For some reason, people find it shockingly impressive when you serve them fresh pasta, like they cannot comprehend how you could have possibly created such a thing.  Its just flour and water.... Anyhow, I honestly feel that any decent cook should know how to make it from scratch.  Here is my method.


Ramen noodles are traditionally made with flour, salt, water, and a chemical to increase the stiffness and chewiness of the dough which I have made before and it turned out great.  The ramen noodles in the picture have eggs in them and no special chemical and they tasted amazing.  There really isn't a substantial difference between the types of dough and as long as you make it correctly, you should be in good shape for any type of pasta/noodle dish you are making.

note: - I stopped kneading my dough by hand a year ago when I no longer had the patience for it.  This method is a 'food processor and pasta machine' method of making the dough.  But by all means, knead by hand if you want.  The pasta machine is also not a necessity unless you are making ramen noodles, which you would then need the pasta machine attachment to cut out the circular noodles.

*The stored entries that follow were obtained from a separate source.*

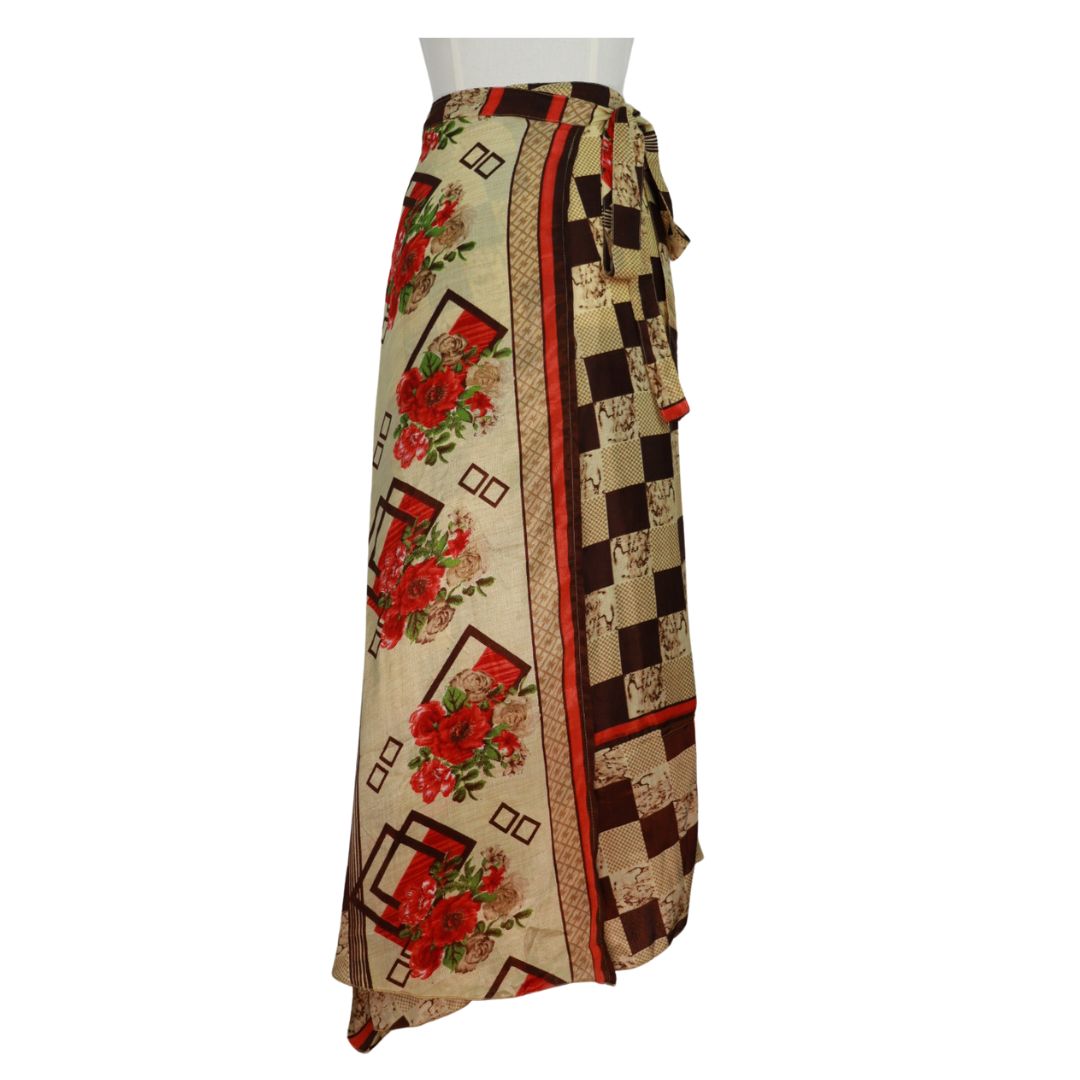 Traditionally Saris are often flamboyant and brightly coloured, frequently embroidered, and made from silk, cotton, or, in recent years, synthetic cloth such as viscose and polyester. We use retro Sari cloth in the majority of our garments so silk is a high component. It is not uncommon to find chiffon or georgette added into the mix which is why we refer to the skirts as a silk blend. We also use 'end of roll' sari fabrics.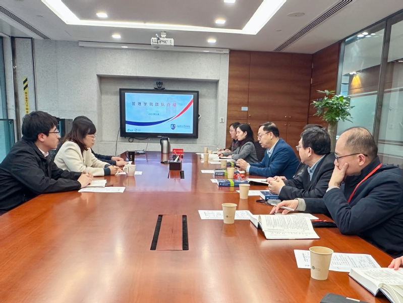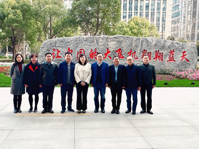 On March 26, Zhao Laijun, dean of USSTBS, together with Liu Qinming, director of the Department of Industrial Engineering, Geng Xiuli, secretary of the Party Branch of the Department of Industrial Engineering, Fan Chongjun, director of the Department of Information Management and Information Systems, Zhu Xiaodong, secretary of Party Branch of the Department of Information Management and Information Systems, and representatives of faculty members, including Prof. Liu Bin, Associate Prof. Liu Yong and Associate Prof. Ni Jing, visited the headquarters of Commercial Aircraft Corporation of China, Ltd. (COMAC) to carry out exchanges. Zhang Chao, director of System Engineering & Program Management Department of COMAC, Fang Feng, senior program director, and Dong Zhe, program director expressed their warm welcome to the delegation of the Business School.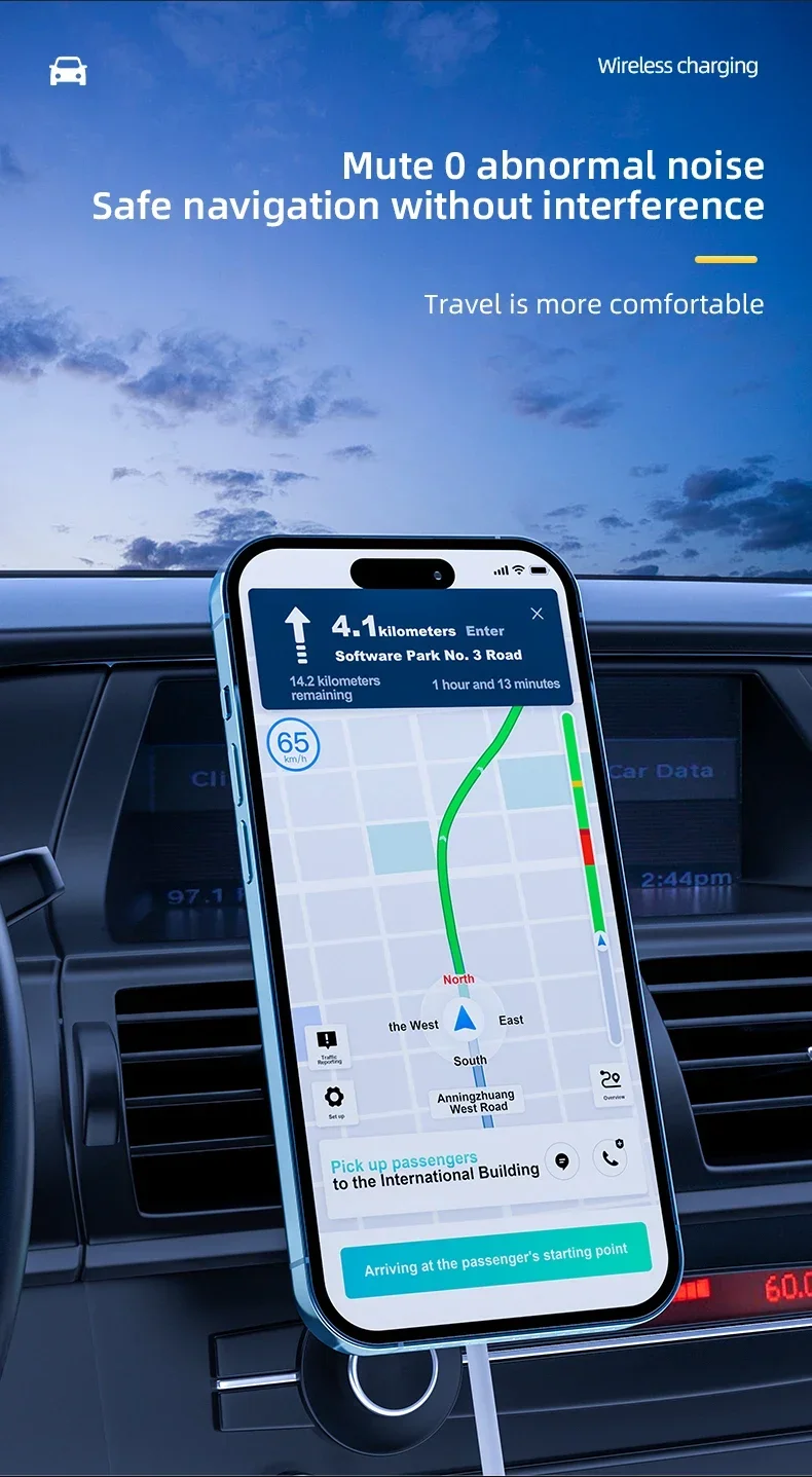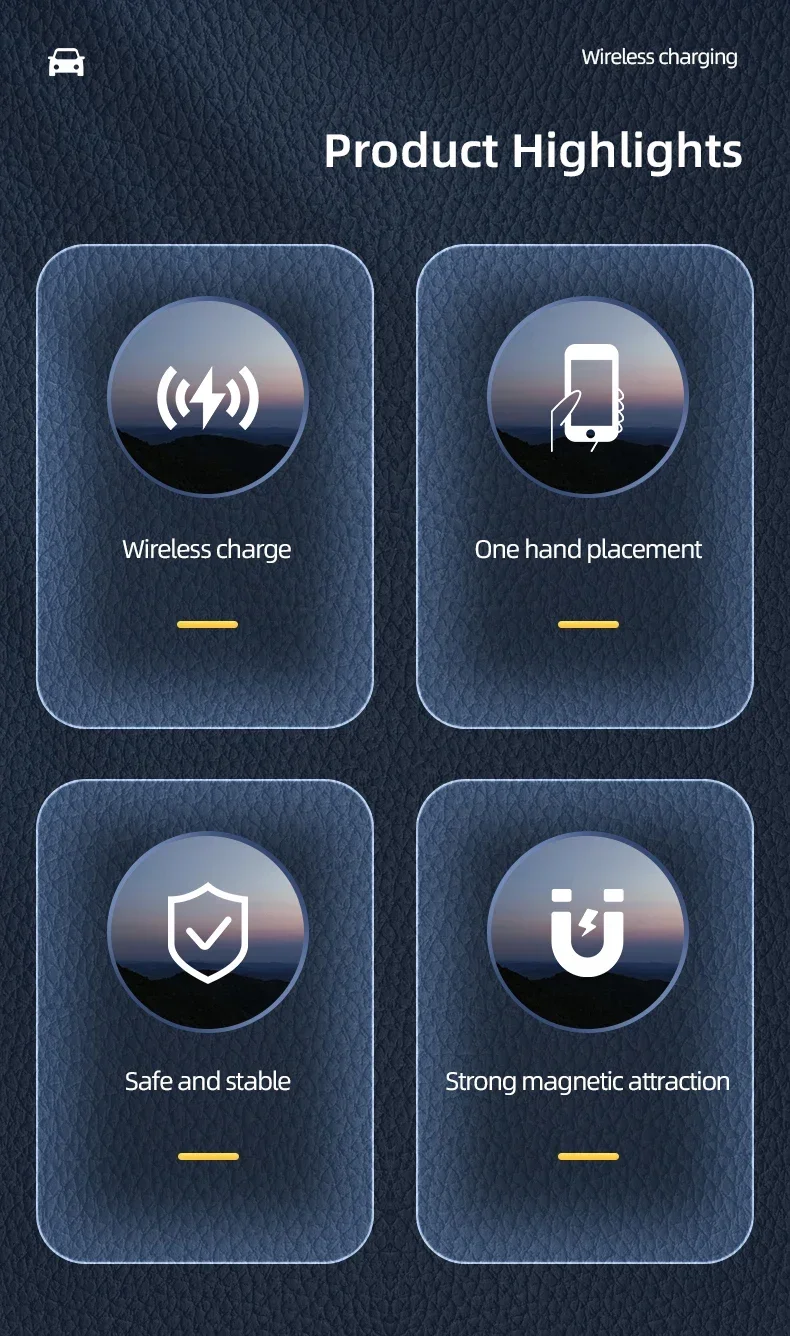 Magnetismo potente: el potente magnetismo fija el teléfono sin que se deslice, lo que permite que su teléfono se concentre completamente en la placa de carga para acelerar la carga.

note: - I always use bread flour for my noodles as it is much firmer and creates a chewier noodle.  It is not necessary however, and AP flour will yield a solid noodle as well.


ingredients:

Italian Pasta:
For 1 person
1.  4 oz bread flour
2.  1 egg
3.  1/4 tsp extra virgin olive oil
4.  1/8 tsp salt

Asian Noodles:
For 1 person
1.  4 oz bread flour
2.  1/8 tsp salt
3.  1.5 oz water

Asian Style Egg noodles (for yakisoba and stir fries):
For 1 1/2 persons
1.  5 oz bread flour
2.  1/8 tsp salt
3.  1 egg
4.  2 tsp water


recipe for food processor + pasta machine method:
1.  Combine all ingredients into food processor.
2.  Quickly pulse 10-15 times until it resembles very fine pebbles:






















note: - The granules should be tiny.  If they resemble larger pebbles, add another 1+ heaping spoonfuls of flour and pulse 2-3 times.  If it's too dry and sandy, add a few drops of water and pulse 2-3 times.
3.  Squeeze the pebbles.  A small ball of dough should form easily, but it should not feel too wet, only slightly moist.
4.  The dough is done.  Pour pebbles into a bowl then knead for 1 minute.  The pebbles will instantly come together into a cohesive ball.
5.  The dough should have little to no wet, stickiness to it.  If it does, you will need to add a generous amount of flour when rolling out.
6.  For every serving that you made, divide dough into equal parts (2 servings, divide dough in half, 3 servings into thirds).
7.  Roll each section on setting 1 of a pasta machine.  Fold in half, and roll again.  If the dough was too wet before, this is when you will be adding a generous amount of flour onto the dough when rolling out until you feel no more wetness on the dough after all the flour has been absorbed.
8.  Repeat the folding in half, then rolling on setting 1, until the dough looks smooth.  This could take around 10-30 rolls.  Try to maintain a decent rectangle shape.  If you see some folds in the dough that is fine.
9.  Cover with plastic wrap and let rest for 30 minutes.  Repeat this for every section of the dough.
10.  After dough has rested, roll out each section on settings 2-4, flouring the dough if sticking, then cut into ramen noodles or whatever shape you want (setting 5 is also ok for wider noodles but I wouldn't go higher than setting 4 for spaghetti or ramen)
note: - Don't let the dough rest before you cut it.  Roll it to setting 4, then cut it immediately after.  If you let the sheets of dough rest, they will dry and actually become thinner, which will result in a noticeably thinner and smaller noodle.


recipe by hand:
1.  Combine all ingredients into a large bowl and mix with one chopstick until most of the liquid has been absorbed.
2.  Start kneading by hand until a shaggy ball of dough forms.  It is at this point you have to determine if the dough is too wet, dry, or good enough.  If the dough has any wet, stickiness to it, you must add a substantial amount of flour, then knead until little to no wetness remains.  If the dough feels too dry and crumbly, add a few drops of water and continue to knead.
3.  Knead well for a good 10 minutes until the ball of dough is smooth.  Cover and let rest for 30 minutes.
4.  Roll out with a rolling pin to an even 1/16" thickness.  Cut noodles into whatever shape you want.